Section 145(a) of the DGCL provides, in general, that a corporation shall have the power to indemnify any person who was or is a party or is threatened to be made a party to any threatened, pending or completed action, suit or proceeding, whether civil, criminal, administrative or investigative (other than an action by or in the right of the corporation), because the person is or was a director, officer, employee or agent of the corporation or is or was serving at the request of the corporation as a director, officer, employee or agent of any other enterprise. Such indemnity may be against expenses (including attorneys fees), judgments, fines and amounts paid in settlement actually and reasonably incurred by the person in connection with such action, suit or proceeding, if the person acted in good faith and in a manner the person reasonably believed to be in or not opposed to the best interests of the corporation and if, with respect to any criminal action or proceeding, the person did not have reasonable cause to believe the persons conduct was unlawful.
Section 145(b) of the DGCL provides, in general, that a corporation shall have the power to indemnify any person who was or is a party or is threatened to be made a party to any threatened, pending or completed action or suit by or in the right of the corporation to procure a judgment in its favor because the person is or was a director, officer, employee or agent of the corporation or is or was serving at the request of the corporation as a director, officer, employee or agent of any other enterprise, against any expenses (including attorneys fees) actually and reasonably incurred by the person in connection with the defense or settlement of such action or suit if the person acted in good faith and in a manner the person reasonably believed to be in or not opposed to the best interests of the corporation, except that no indemnification shall be made in respect of any claim, issue or matter as to which such person shall have been adjudged to be liable to the corporation unless and only to the extent that the Court of Chancery or the court in which such action or suit was brought shall determine upon application that, despite the adjudication of liability but in view of all the circumstances of the case, such person is fairly and reasonably entitled to indemnity for such expenses which the Court of Chancery or such other court shall deem proper.
Section 145(g) of the DGCL provides, in general, that a corporation shall have the power to purchase and maintain insurance on behalf of any person who is or was a director, officer, employee or agent of the corporation or is or was serving at the request of the corporation as a director, officer, employee or agent of any other enterprise, against any liability asserted against the person in any such capacity, or arising out of the persons status as such, regardless of whether the corporation would have the power to indemnify the person against such liability under the provisions of the law.
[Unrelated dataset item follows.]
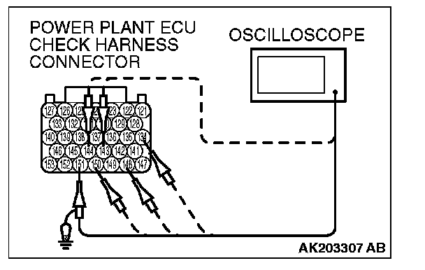 2. Connect the oscilloscope probe to each check harness connector terminal to analyze each cylinder:

We have obtained liability insurance for the benefit of our directors and officers.
The Investment Advisory Agreement provides that, absent willful misfeasance, bad faith or gross negligence in the performance of its duties or by reason of the reckless disregard of its duties and obligations, GC Advisors LLC (the Adviser) and its officers, managers, agents, employees, controlling persons, members and any other person or entity affiliated with it are entitled to indemnification from the Registrant for any damages, liabilities, costs and expenses (including reasonable attorneys fees and amounts reasonably paid in settlement) arising from the rendering of the Advisers services under the Investment Advisory Agreement or otherwise as an investment adviser of the Registrant.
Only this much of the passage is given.